Question

Determine the direction in which the following reaction is spontaneous at 25oC: Mg2+(aq) + K(s) <---> Mg(s) + K+(aq) Determine the equilibrium constant K and Go using the cell potential for this reaction and which will be the anode and cathode?

Answer 1

Answer: The
`K_(eq)` and
`\Delta G^o` of the reaction is
`1.13* 10^(-19)` and -108080 J respectively.

Step-by-step explanation:

For the given cell reaction:

`Mg^(2+)(aq.)+K(s)\rightarrow Mg(s)+K^+(aq.)`

The half reaction follows:

Oxidation half reaction:
`K(s)\rightarrow K^++e^-;E^o_(K^+/K)=-2.93V`

Reduction half reaction:
`Mg^(2+)+2e^-\rightarrow Mg(s);E^o_(Mg^(2+)/Mg)=-2.37V`

Oxidation reaction occurs at anode and reduction reaction occurs at cathode.

To calculate the
`E^o_(cell)` of the reaction, we use the equation:

`E^o_(cell)=E^o_(cathode)-E^o_(anode)`

Putting values in above equation, we get:

`E^o_(cell)=-2.37-(-2.93)=0.56V`

• To calculate Gibbs free energy, we use the equation:

`\Delta G^o=-nFE^o_(cell)`

where,

`\Delta G^o` = Standard Gibbs free energy of the reaction = ?

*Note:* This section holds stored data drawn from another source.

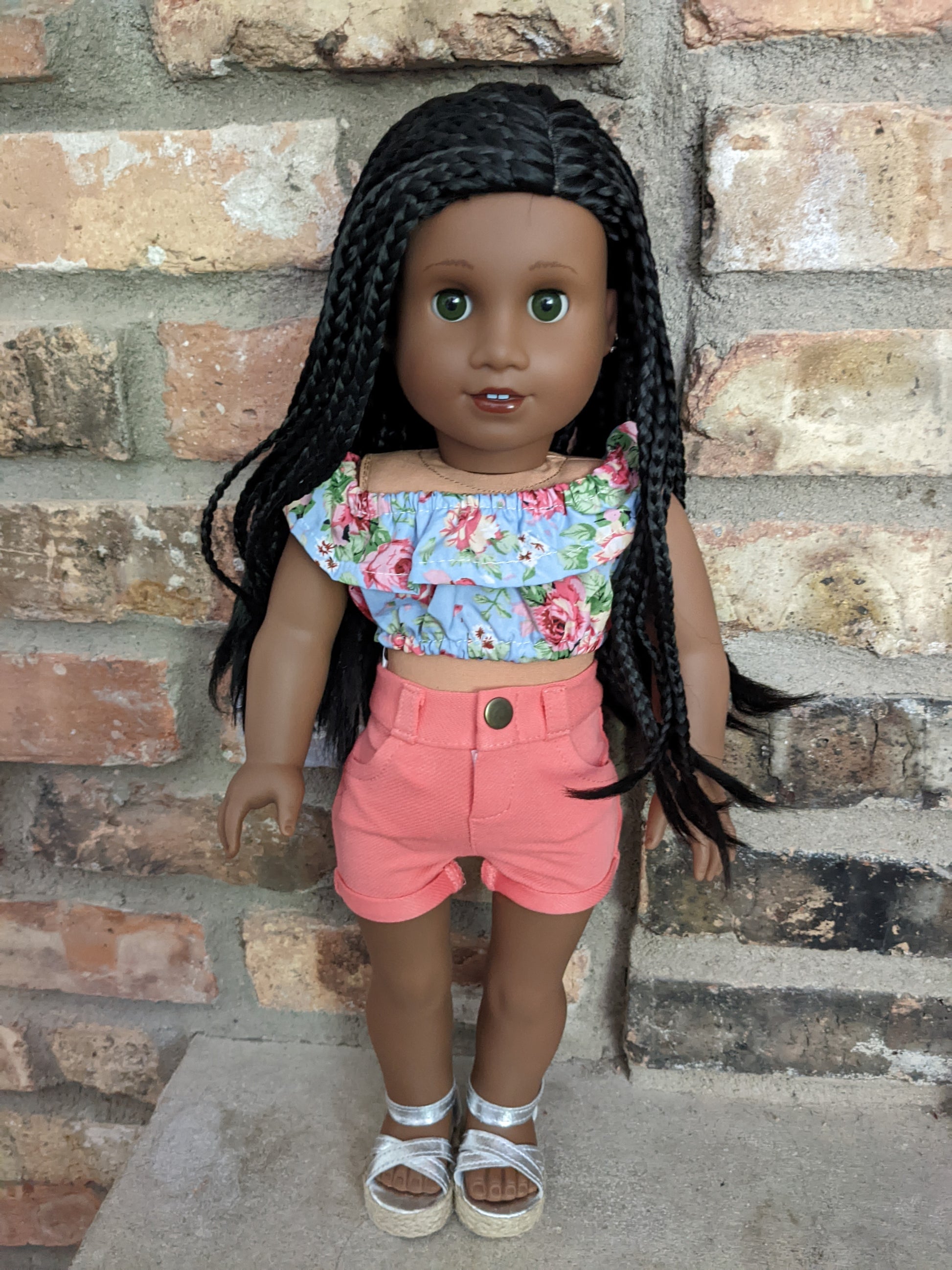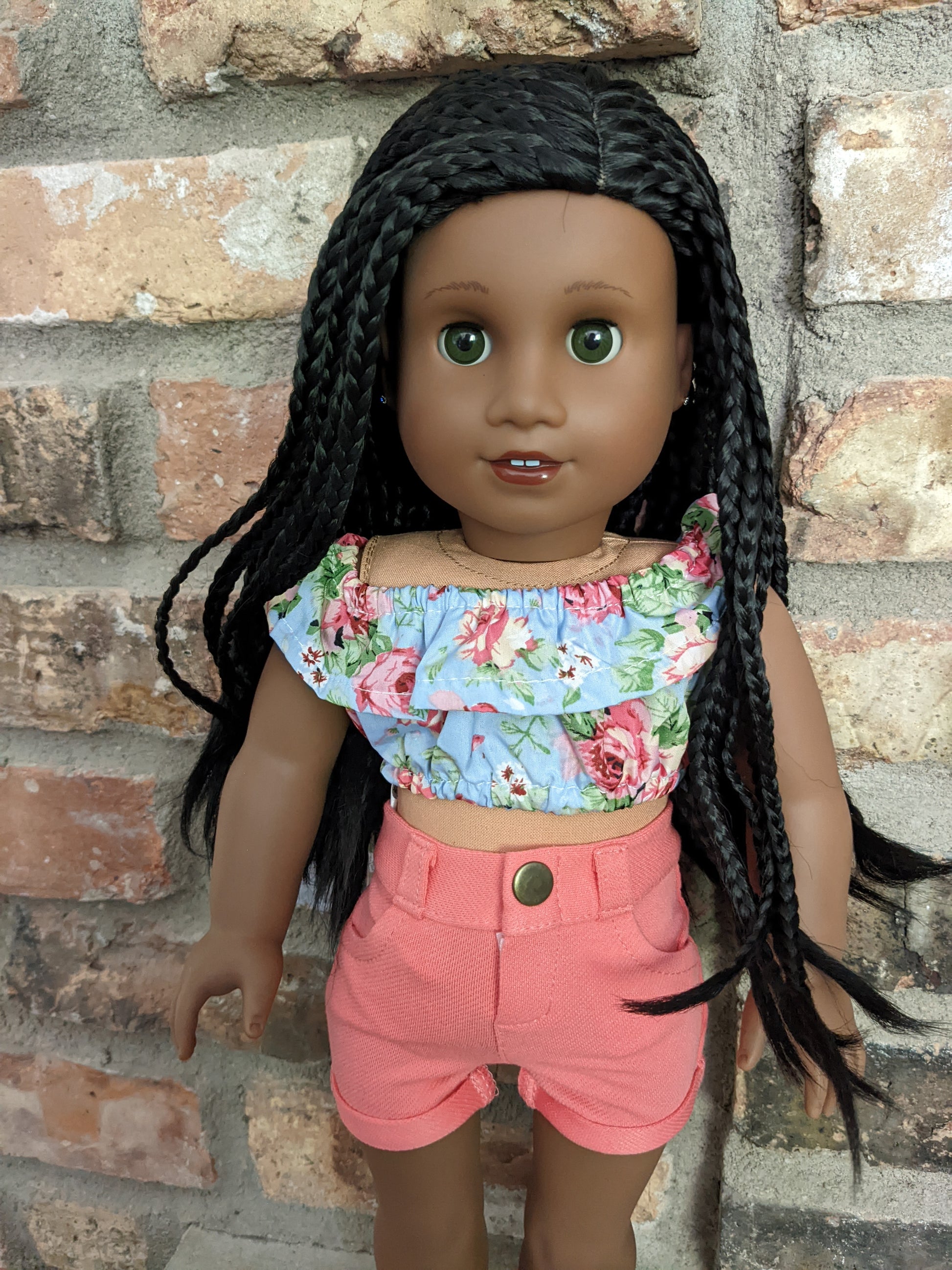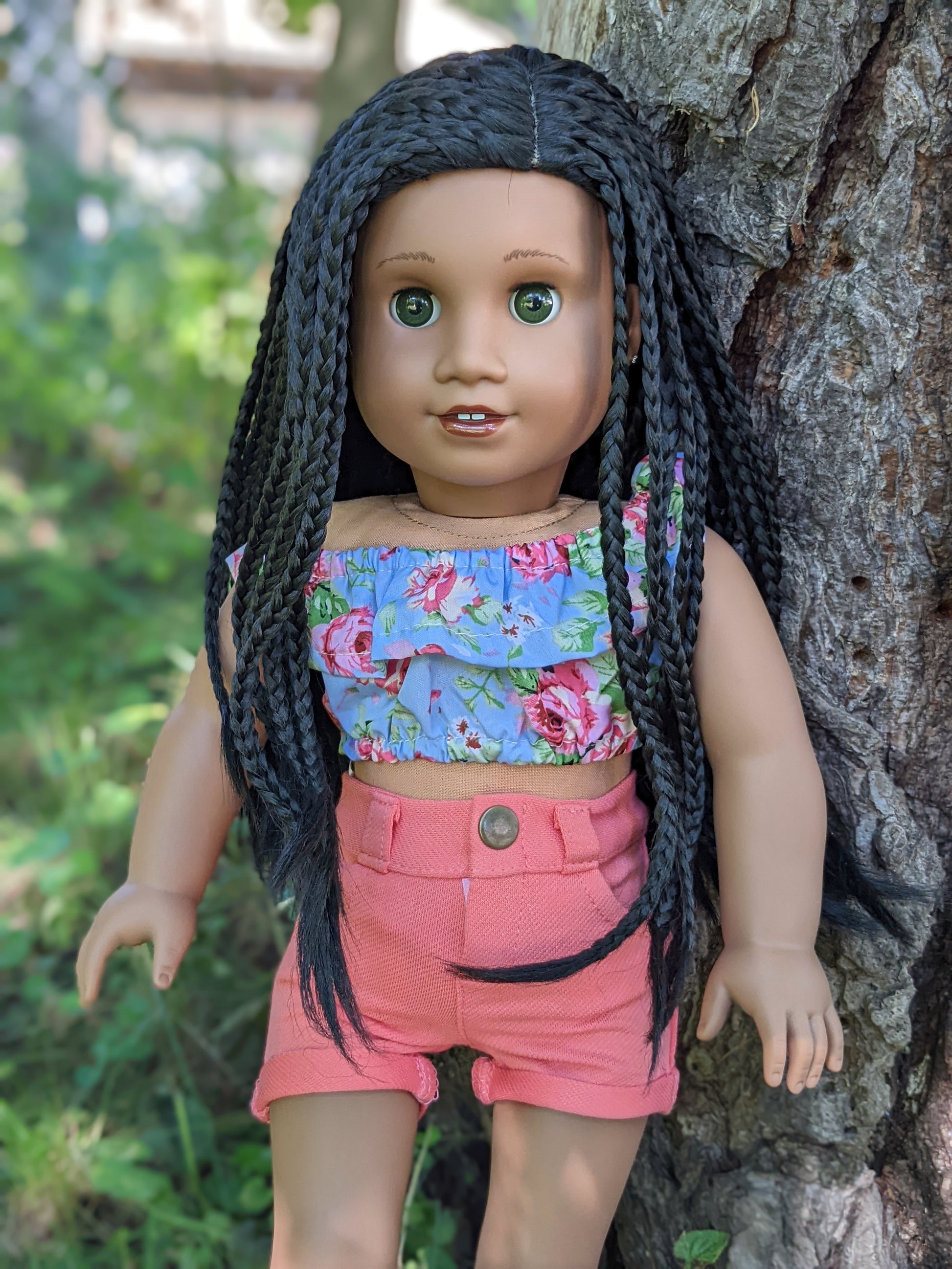 This one of a kind OOAK custom American Girl doll was created with a brand new Sparkling Ballerina doll, a black braided wig, and green eyes. She has lip gloss that was hand painted and sealed. She may have some minor shine marks from handling. She comes with the outfit pictured. Her ears are pierced with normal earrings and the tiny diamond look studs are included.
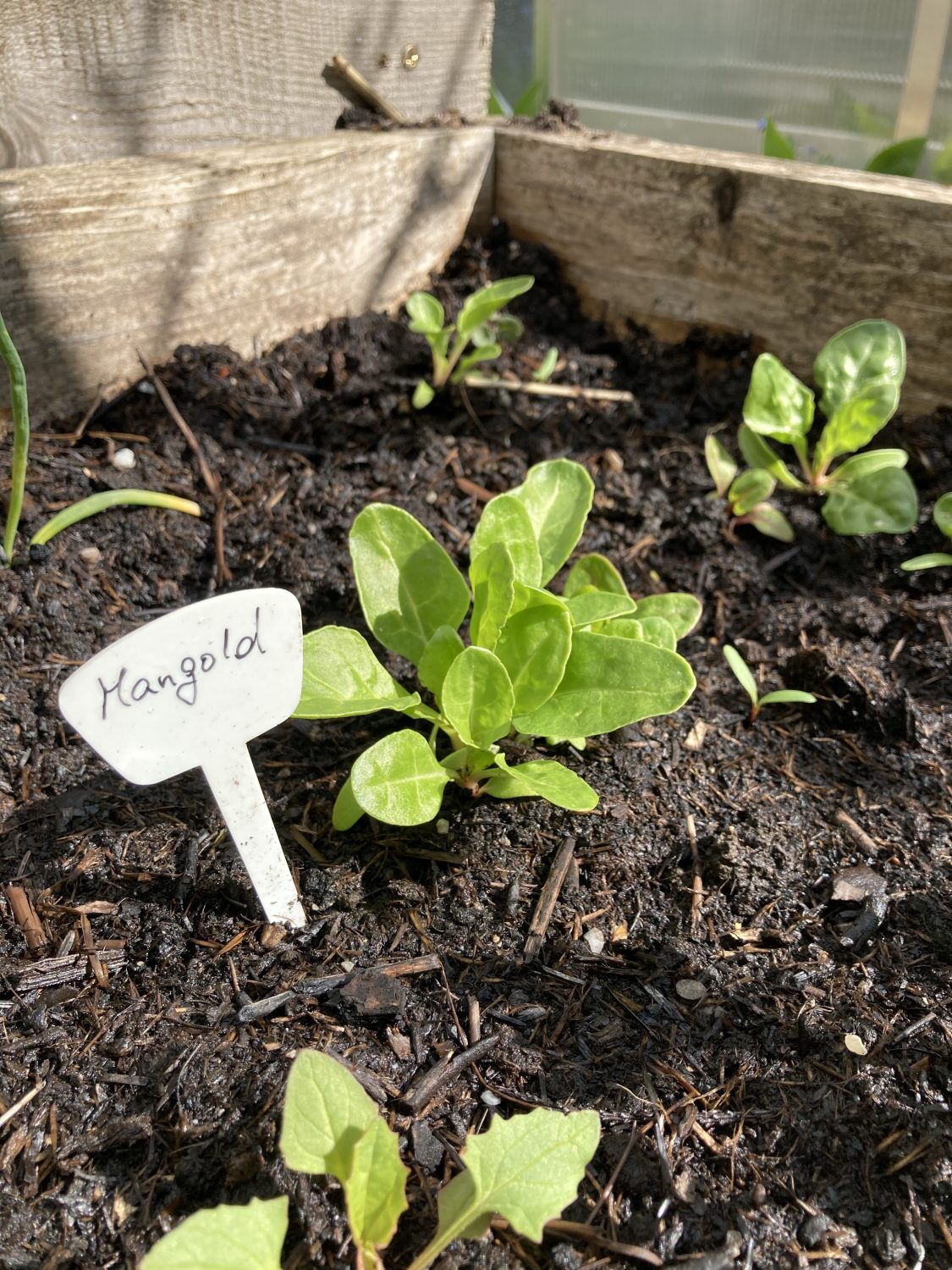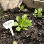 Zwischen die beiden Reihen Eiszapfen säe ich Spargelsalat an, sobald sich der Schnee und die Eiseskälte verzogen haben. Es sollen noch weitere Salatpflanzen einziehen, wie zum Beispiel der Teufelsohr. Den ziehe ich in dem Gewächshausschrank auf der Terrasse vor. Dort ist er Schneckensicher und vor drohendem Frost geschützt. Zwischen Spargelsalat und Teufelsohr säe ich noch Mangold ein. Der wird später vereinzelt, dann er darf nicht zu dicht stehen.
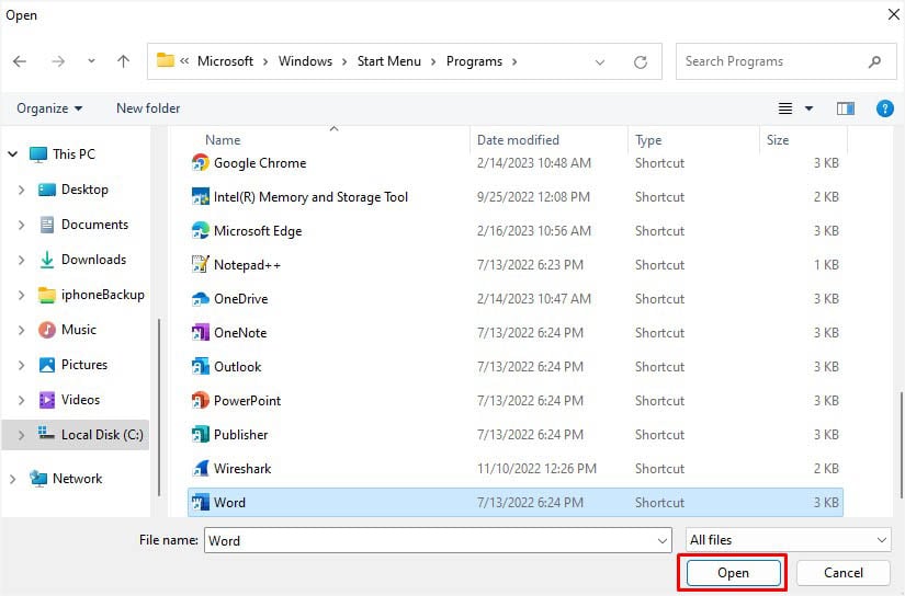 fina Finalmente, encontre seu aplicativo e clique em Abrir. Isso adicionará o aplicativo logo abaixo do botão Adicionar um aplicativo permitido.

n = number of electrons exchanged = 2

F = Faraday's constant = 96500

`E^o_(cell)` = standard electrode potential of the cell = 0.56 V

Putting values in above equation, we get:

`\Delta G^o=-2* 96500* 0.56=-108080J`

• To calculate the equilibrium constant of the reaction, we use the equation:

`\Delta G^o=-RT\ln K_(eq)`

R = Gas constant = 8.314 J/K.mol

T = temperature of the reaction =
`25^oC=[273+25]=298K`

`K_(eq)` = equilibrium constant of the reaction = ?

Putting values in above equation, we get:

`-108080J=8.314J/mol.K* 298K* \ln K_(eq)\\\\K_(eq)=1.134* 10^(-19)`

Hence, the
`K_(eq)` and
`\Delta G^o` of the reaction is
`1.13* 10^(-19)` and -108080 J respectively.